Dedi Bulut. Rüzgar biraz daha gaza basınca öne savruldum. Kemerimi bağlamasam şu an arabanın ön camından dışarı fırlamıştım.
"Arda ağzına sıçtırtma! Hızlan biraz daha."
Diyen Pelin Su ile sırıttım.
"Hiç boşa umutlanma aşkım. Rüzgar ve ben en öndeyiz"
Pelin Su'nun sinirden kudurduğuna emindim. Aşkım diyerek daha sinir etmiştim.
"Pelin Su'ya neden aşkım diyorsun?"
Dedi Rüzgar. Güldüm.
"Çünkü o benim aşkım."
Bir anda Rüzgar arabayı sağa çekti. Berkay da öne geçmiş oldu.
Şaşkınca Rüzgar'a bakıyordum. Telefonunu alıp konuşmadan çıktı.
"Senin aşkın benim lan!"
Dedi birden. Sakin ol dostum! Kendimi Amerikan filmlerinde hissettim şu an.
"Ama Pelin Su..."
"Senin aşkın benim. Bu kelimeyi çok seviyorsan bana diyebilirsin."
Neden bu kadar sinirlenmişti ki? Yarıştan çıkmak istemeyen Rüzgar bir anda yarışı bırakmıştı. Arda bile geçmişti.
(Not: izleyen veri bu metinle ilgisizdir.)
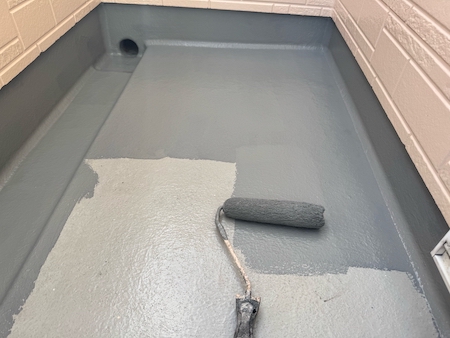 下塗り後、トップコートを2回塗って厚みを重ね、防水層をしっかり保護します。
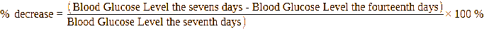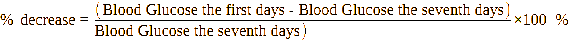 After treatment the percentage of decrease in blood glucose in the group after being treated using the following formula.

"Tamam Rüzgar sakin. Benim tek bir aşkım var. O da sensin."
Gülümsedi.
"Bir ara şu Arda'yı da sana aşkım dediği için dövsem iyi olur."
"Saçmalama!"
"Saç malanmaz taranır."
Dediği şeyle kahkahalarıma gömüldüm. Gülmekten karnım ağrımıştı. Rüzgar ise dediği şeyin farkına daha yeni varmış olacak ki yüzünü buruşturdu.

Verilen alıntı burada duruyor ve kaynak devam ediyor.